DEV Community

Cover image for Build an Ollama LLM software engineering language bot
Austin Cunningham
Austin Cunningham

Posted on

Build an Ollama LLM software engineering language bot

What

Another step in AI learning I decided to see if I could build a AI software engineering language bot with an SRE context. We are going to use Ollama, a locally hosted LLM, all thought you could use any LLM chat endpoint by adjusting the backend.

Prerequisites

  • ollama
  • python3
  • pip

Install and run ollama

curl -fsSL https://ollama.com/install.sh | sh
ollama run llama3
Enter fullscreen mode Exit fullscreen mode

Scaffold

Create the following layout

sre-language-bot/
├── static/
│   ├── css/
│   │   └── style.css
│   └── js/
│       └── main.js
├── templates/
│   └── index.html
└── app.py

Enter fullscreen mode Exit fullscreen mode

The ccs and js can remain empty for now

Backend

We setup a basic flask app in app.py

import os
import requests
import json
from flask import Flask, request, jsonify, render_template

# Initialize Flask
app = Flask(__name__)

# Home route to serve the HTML UI from the templates folder
@app.route('/')
def index():
    # load the html on the default route
    return render_template('index.html')


if __name__ == '__main__':
    # Flask will run on localhost:5000 by default.
    # The debug=True flag automatically reloads the server on code changes.
    app.run(debug=True)
Enter fullscreen mode Exit fullscreen mode

And add something to index.html

<!DOCTYPE html>
<html lang="en">
<head>
</head>
<body>
    <h1>Chat bot goes here</h1>
</body>
</html>
Enter fullscreen mode Exit fullscreen mode

Run the python app.py to see if it works

python app.py
 * Serving Flask app 'app'
 * Debug mode: on
WARNING: This is a development server. Do not use it in a production deployment. Use a production WSGI server instead.
 * Running on http://127.0.0.1:5000
Press CTRL+C to quit
 * Restarting with stat
 * Debugger is active!
 * Debugger PIN: 661-293-891
127.0.0.1 - - [08/Aug/2025 12:42:06] "GET / HTTP/1.1" 200 -
127.0.0.1 - - [08/Aug/2025 12:42:06] "GET /favicon.ico HTTP/1.1" 404 -

Enter fullscreen mode Exit fullscreen mode

Basic webpage with message chatbot goes here

Add the chat bot post request

In app.py we add the post request, basically create a /chat endpoint and create a prompt (the important bit for giving the llm context on which to base your answers) for the llm which favours software engineering answers in payload.messages.content

@app.route('/chat', methods=['POST'])
def chat():
    # get the chat history
    data = request.json
    chat_history = data.get('messages', [])

    if not chat_history:
        return jsonify({'error': 'No message history provided'}), 400

    try:
        ollama_model = "llama3"
        ollama_api_url = "http://localhost:11434/api/chat"

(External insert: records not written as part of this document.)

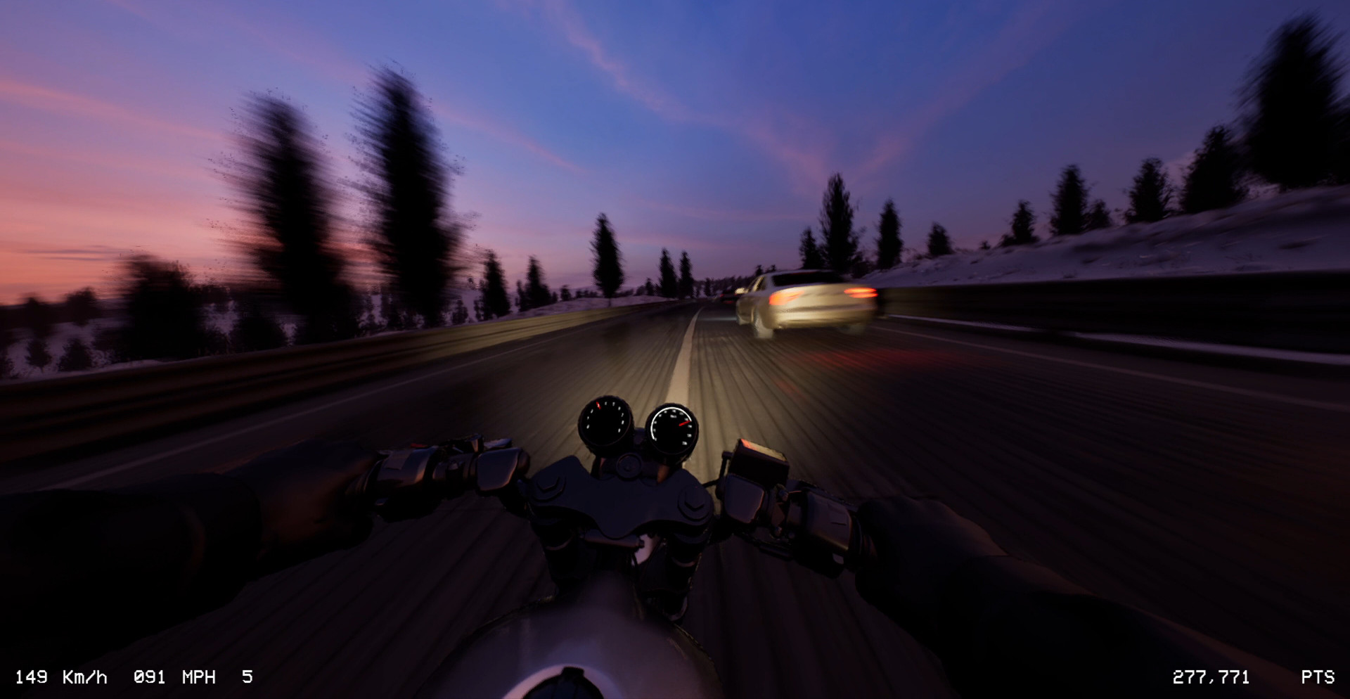 Заезды строятся на постоянном лавировании между автомобилями, движущимися с разной скоростью. Дорога формирует узкие окна для проезда, требующие точных движений рулём и контроля ускорения. Чем выше скорость, тем меньше времени на решение, а любая ошибка мгновенно завершает попытку и обрывает заезд.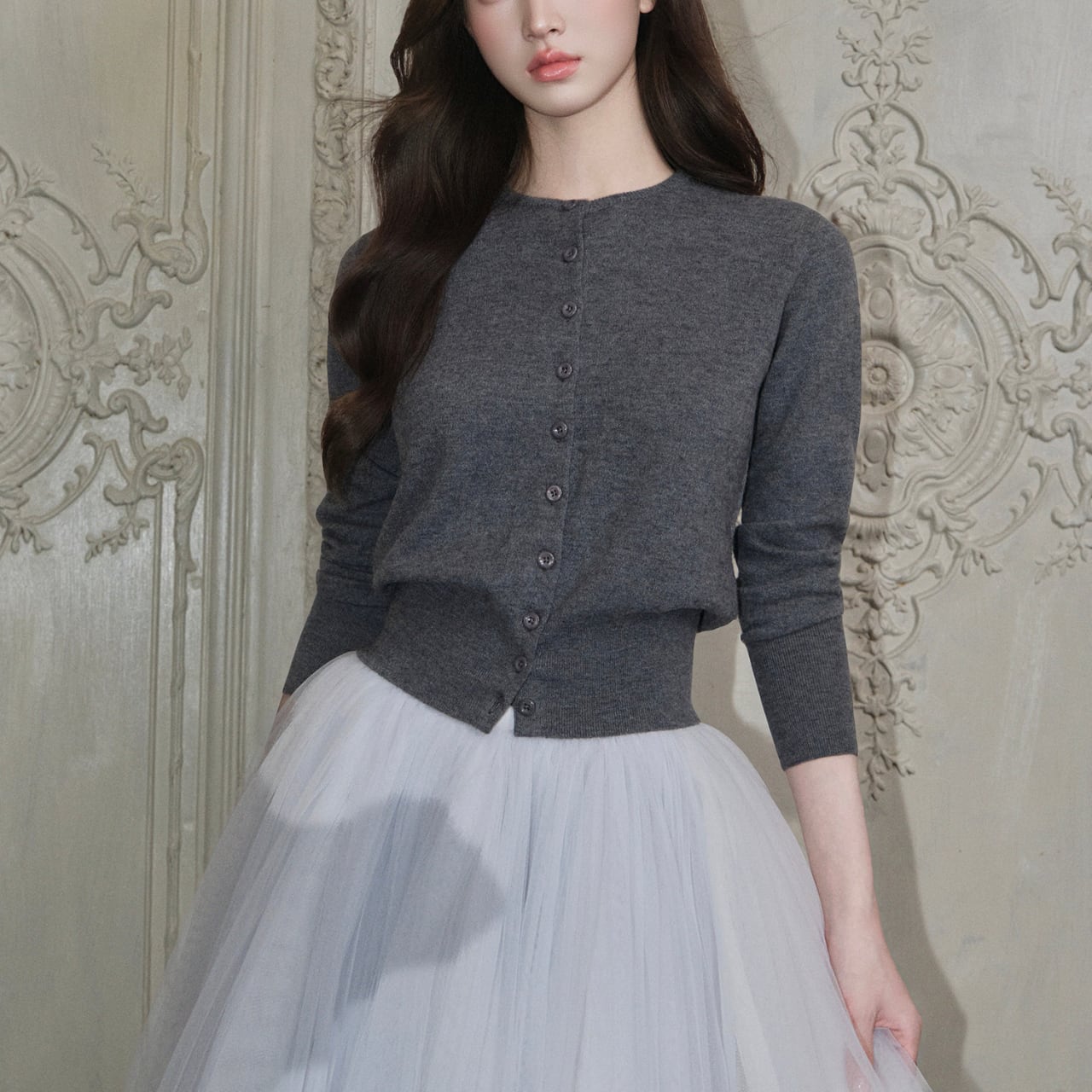 羽織るだけで全体の印象をエレガントに整えてくれます。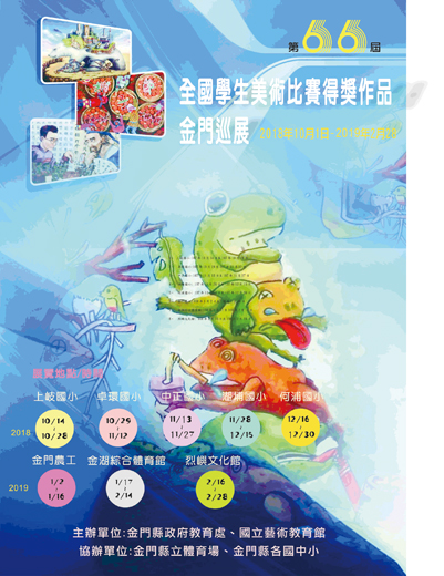 全國藝術饗宴-第66屆全國學生美術比賽優勝作品複製畫巡迴展列車開抵金門!從107年10月1日至108年2月28日長達5個月,將巡迴全縣五鄉鎮展覽,竭誠歡迎各地師生、民眾就近前往參觀。 縣府教育處指出,全國學生美術比賽是國內重要的學生藝術競賽活動,自民國40年創辦迄今已歷66年,是臺灣目前官辦最久的學生藝術競賽,在當時臺灣尚未經濟起飛的40年代,這個比賽首開臺灣學子藝術之風,讓莘莘學子也能一展長才,成為臺灣重要藝術推手,更是國內藝術創作的指標性賽事,每年參與學生人數踴躍,並培育了許多國內知名藝術家,對臺灣藝術教育重要性不言可喻。藝術教育館為更有效提升學生美感,特別透過最新3D科技列印,等比例複製106學年度特優作品,至各縣市辦理巡迴美展。 教育處也表示,本縣雖地處離島,但愛「美」之心不會因地緣的限制而有所減損,除了每年遴選各校優秀作品送至台灣參加全國學生美術比賽外,該處為提升縣內美術教育,接續向國立台灣藝術教育館申請106學年度美感優秀作品,讓縣內學生與家長觀摩提升美的視野! 由國立台灣藝術教育館主辦的105學年度全國學生美術比賽特優作品複製畫巡迴展,去年首度來金巡展,獲得廣大的迴響。今年巡展活動將更深入地區五鄉鎮,期藉著佳作藝術分享軍民學生,助益地區藝術推動發展,提升地方生活水準,激勵學生美術創作意念士氣。 本次展覽計五組82件特優作品,悉來自106年全國學生美術比賽績優得獎作品,由台灣藝術教育館著手複製巡迴各縣市展覽,作品含有繪畫類10件、西畫類10件、平面設計類18件、版畫類13件、漫畫類18件、水墨類13件。 漂洋過海到金門的作品展,將進入本縣七所學校暨金湖綜合體育館與烈嶼文化館作巡迴展覽,歡迎大家共同來參與欣賞這場美的藝術饗宴,展覽地點與時間安排如下: 多年國小:107年10月1日到10月13日。 上岐國小:107年10月14日至107年10月28日。 卓環國小:107年10月29至107年11月12日。 中正國小:107年11月13日至107年11月27日。 湖埔國小:107年11月28日至107年12月15日。 何浦國小:107年12月16日至107年12月30日。 金門農工:108年1月2日至108年1月16日。 金湖綜合體育館:108年1月17至108年2月14日。 烈嶼文化館:108年2月16日至108年2月28日。

        # The payload for the Ollama API request, including a specialized system prompt
        payload = {
            "model": ollama_model,
            "stream": False,  # We want a single, complete response
            "messages": [
                            {
                                "role": "system",
                                "content": "You are a helpful and knowledgeable assistant specializing in **Golang, Python,Bash and JavaScript** programming and **Site Reliability Engineering (SRE)** with a focus on **Kubernetes**. Provide detailed, accurate, and professional answers to technical questions. Always respond in markdown format."
                            }
                        ] + chat_history  # Append the user's messages after the system prompt
        }

        # Send the request to the Ollama API
        response = requests.post(ollama_api_url, json=payload, timeout=120)
        response.raise_for_status()  # Raise an error for bad status codes

        # Parse the JSON response from Ollama
        ollama_data = response.json()
        # Extract the content from the model's message
        model_response = ollama_data['message']['content']

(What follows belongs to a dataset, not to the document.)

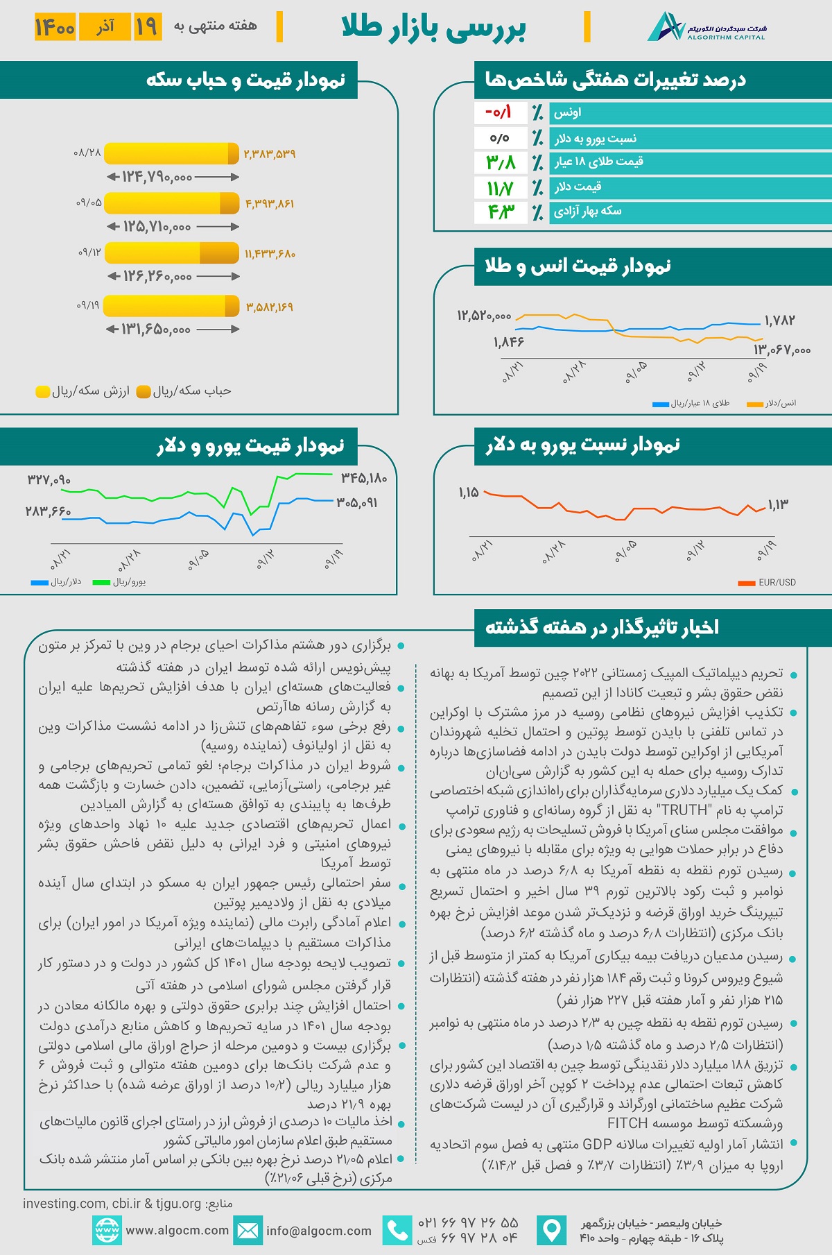 در هفته گذشته طلای جهانی در پی کاهش نگرانیها از شیوع سویه اٌمیکرون ویروس کرونا و آمار منتشر شده از تورم بی سابقه آمریکا با کاهش 0.1 درصد به رقم 1,784 دلار رسید. با توجه به اخبار منتشر شده از نتیجه برگزاری دور هفتم و هشتم مذاکرات وین و اعلام اعضای گروه 1+5 از بالا بودن انتظارات ایران در این نشستها، نرخ دلار در بازار آزاد از نرخ دلار اعلامی در صرافی ملی و بازار متشکل ارزی فاصله گرفت و با رشد 11.7 درصدی در هفته گذشته حدودا به رقم 305,000 ریال رسید. هر گرم طلای 18 عیار با افزایش 3.8 درصدی به رقم 13,067,000 ریال و سکه بهار آزادی نیز با رشد 4.7 درصدی به رقم 131,650,000 ریال رسید. حباب سکه در هفته گذشته به رقم 3,582,000 ریال رسیده است.

        return jsonify({'response': model_response})
    # Add some error handling
    except requests.exceptions.RequestException as e:
        print(f"Error calling Ollama API: {e}")
        return jsonify(
            {'error': 'Failed to connect to Ollama server. Please ensure it is running and accessible.'}), 500
    except Exception as e:
        print(f"An unexpected error occurred: {e}")
        return jsonify({'error': 'An internal server error occurred.'}), 500
Enter fullscreen mode Exit fullscreen mode

Now test its working with a curl to the /chat endpoint

curl -X POST -H "Content-Type: application/json" -d '{"messages": [{"role": "user", "content": "how are you."}]}' http://127.0.0.1:5000/chat

{
  "response": "**I'm doing well, thank you for asking!** I'm a knowledgeable assistant specializing in Golang, Python, Bash, and JavaScript programming, as well as Site Reliability Engineering (SRE) with a focus on Kubernetes. I'm here to help answer any technical questions you may have, so feel free to ask me anything! **Let's get started!**"
}

Enter fullscreen mode Exit fullscreen mode

Ok that's pretty much the backend created

Frontend

Using semantic ui for a bit of style to create a chatbox, don't think I need the static/ccs/style.ccs at this point as
semantic ui will handle the style.

<div id="messages" class="ui segment inverted chat-container">
            <div class="ui center aligned basic inverted segment">
                <div class="sub header">Start the conversation! What would you like to know?</div>
            </div>
        </div>

        <div class="ui action fluid input inverted">
            <input type="text" id="user-input" placeholder="Ask a question..." autocomplete="off">
            <button class="ui button inverted green" id="send-btn">
                <i class="paper plane outline icon"></i>
            </button>
        </div>
Enter fullscreen mode Exit fullscreen mode

And this gives us this basic ui with a chat box and send button

Ui view with semantic ui elements

And call the script that handles the call to the llm and formats and returns the response.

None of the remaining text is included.